<h1 align=center> Contextual RAG </h1>

![anthropic blog poas](https://www.anthropic.com/_next/image?url=https%3A%2F%2Fwww-cdn.anthropic.com%2Fimages%2F4zrzovbb%2Fwebsite%2F2496e7c6fedd7ffaa043895c23a4089638b0c21b-3840x2160.png&w=3840&q=75)

This is an approach proposed by Anthropic in a recent [blog poas](https://www.anthropic.com/news/contextual-retrieval). It involves improving retrieval by providing each document chunk with an in context summary.

<h2 align=center> Problems </h2>

As one may gather from the explanation, there is a requirement that each chunk be appropriately contextualized with respect to the rest of the document. So essentially the whole document has to be passed into the prompt each time along with the chunk. There are two problems with this:

1. This would be very expensive in terms of input token count.
2. For models with smaller context windows, the whole document may exceed it.( Further, there is a sense in which fitting a whole document into a models context width defeats the point of performing RAG.)


<h2 align=center> Whole Document Summarization </h2>

The solution I have come up with is to instead summarize the document into a more manageable size.

<h3 align=center> Refine </h3>

In [1]:
from langchain.chains.combine_documents.stuff import StuffDocumentsChain
from langchain.chains.llm import LLMChain
from langchain.prompts import PromptTemplate
from langchain_text_splitters import CharacterTextSplitter
from langchain.document_loaders import PyMuPDFLoader

In [2]:
from langchain.chains.summarize import load_summarize_chain

In [3]:
# from langchain_google_genai import ChatGoogleGenerativeAI
# import os
# from dotenv import load_dotenv

# if not load_dotenv():
#     print("API keys may not have been loaded succesfully")
# google_api_key = os.getenv("GOOGLE_API_KEY")

# llm = ChatGoogleGenerativeAI(model="gemini-pro", api_key=google_api_key)

In [4]:
from langchain_ollama.llms import OllamaLLM

# A lightweigh model for local inference
llm = OllamaLLM(model="llama3.2:1b-instruct-q4_K_M")

In [5]:
loader = PyMuPDFLoader("data/State Machines.pdf")
docs = loader.load()

In [21]:
text_splitter = CharacterTextSplitter.from_tiktoken_encoder(chunk_size=8000, chunk_overlap=0)
split_docs = text_splitter.split_documents(docs)

In [None]:
output_key = "output_text"

In [22]:
prompt = """
                  Please provide a very comprehensive summary of the following text.
                  WHile maintaining lower level detail
                  
                  TEXT: {text}
                  SUMMARY:
                  """

question_prompt = PromptTemplate(
    template=prompt, input_variables=["text"]
)

refine_prompt_template = """
              Write a comprehensive summary of the following text delimited by triple backquotes.
              Your goal will be to give a high level overview while also expounding on some finer details of the text

              ```{text}```
              
            Have your answer in about 1500 words
              """


refine_template = PromptTemplate(
    template=refine_prompt_template, input_variables=["text"]
)

# Load refine chain
chain = load_summarize_chain(
    llm=llm,
    chain_type="refine",
    question_prompt=question_prompt,
    refine_prompt=refine_template,
    return_intermediate_steps=True,
    input_key="input_documents",
    output_key=output_key,
)
result = chain({"input_documents": split_docs}, return_only_outputs=True)

In [23]:
from IPython.display import display, Markdown

In [24]:
display(Markdown(result[output_key]))

Here is a summary of the text:

A state machine is a mathematical model that describes how an output signal is generated from an input signal step-by-step.

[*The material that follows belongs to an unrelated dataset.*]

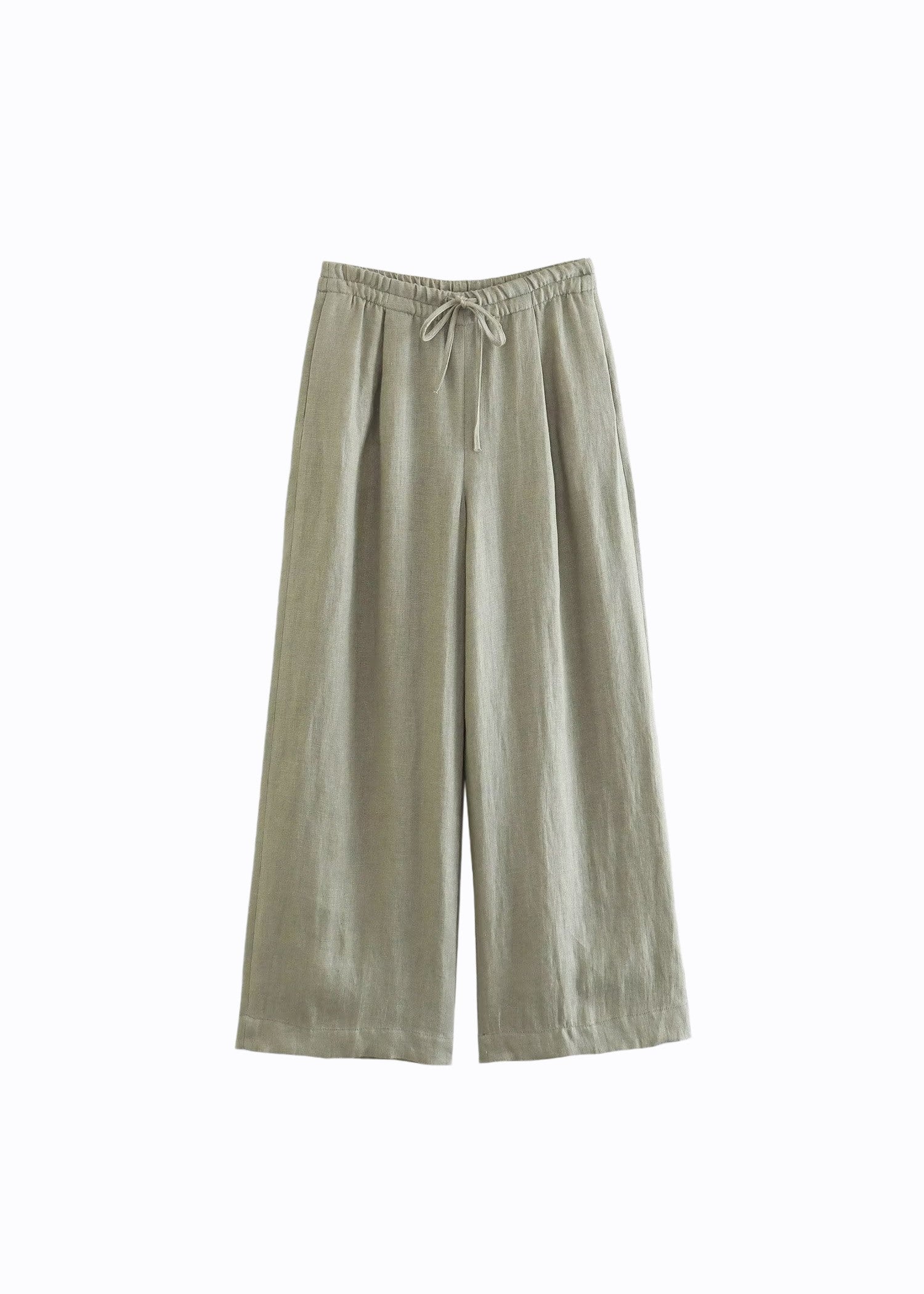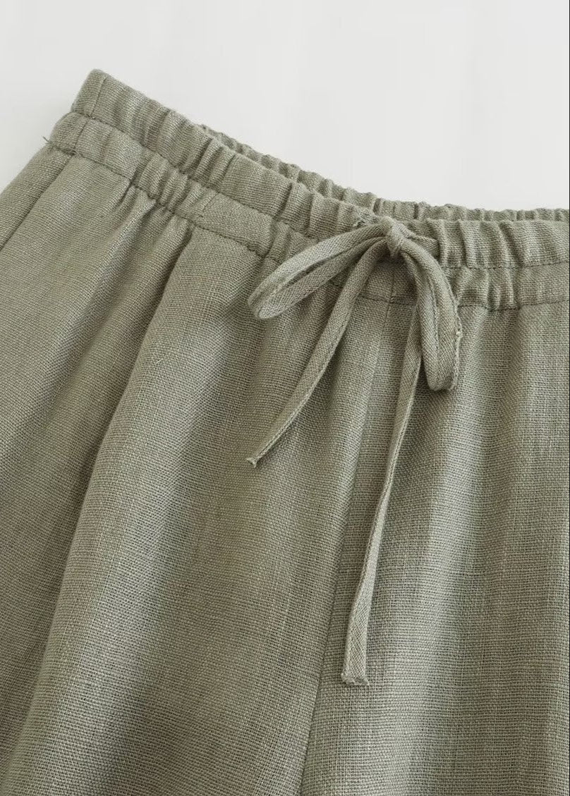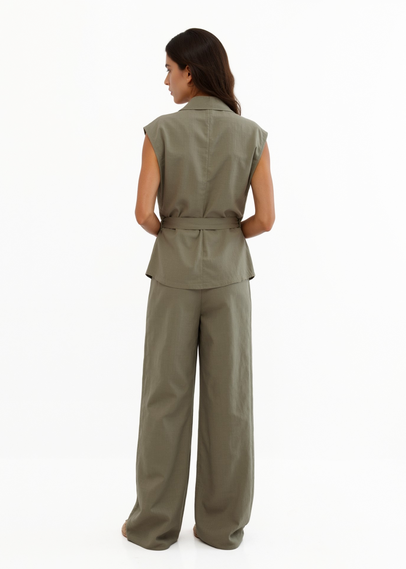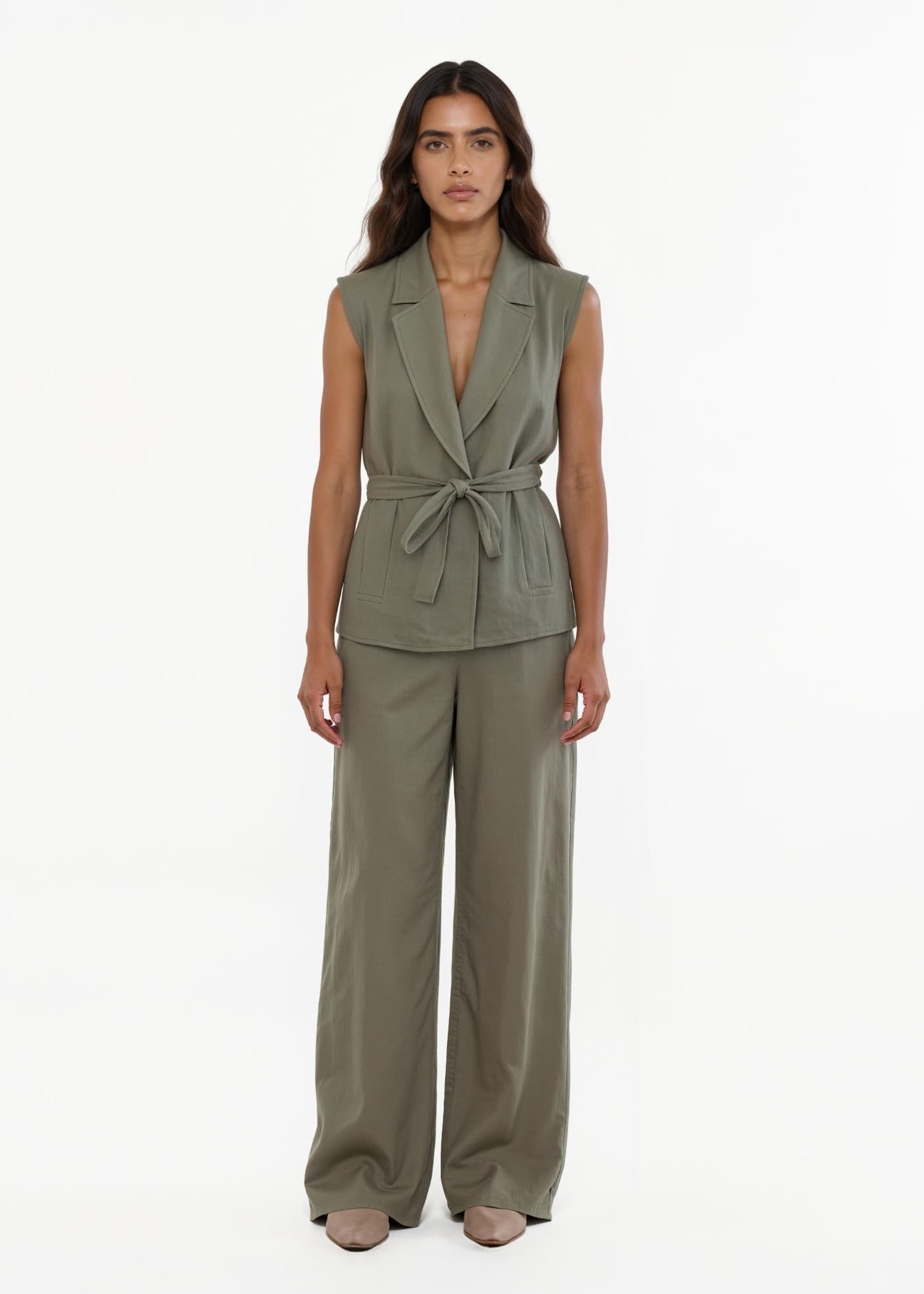 They’re made to match Cassia Vest in the same sage cloth. Worn together, they create an understated two-piece with real presence.

It consists of five main components: 

1. States (representing different states or conditions)
2. Inputs (input signals, such as letters or symbols)
3. Outputs (output signals, which represent the actual output based on the input and state)
4. Update function (a way to modify the current state based on the inputs and outputs)
5. Initial State (the starting point of the machine)

An example is given where a state machine is defined with three states: States, Inputs, Outputs. The initial state is also provided as an option.

The key points are:

* Time is not involved in this model; instead, step numbers refer to the order in which steps occur.
* Each input signal can be represented by an infinite sequence of symbols, such as a natural number sequence (e.g., 0 -> Inputs).
* The state machine evolves or "moves" from one state to another based on the inputs and outputs.

This model is used for various applications, including control systems, data processing, and communication systems.

<h3 align=center> Remarks </h3>

Refine is properly configured but we ran into this error.

```python
ResourceExhausted: 429 Resource has been exhausted (e.g. check quota).
```

This is a problem on the part of our llm provider not the code.

<h3 align=center> Next Steps </h3>

The best approach will be to use local models to achive this kind of heavy inference. For that we will turn to either **Ollama** or hugging face **Transformers**.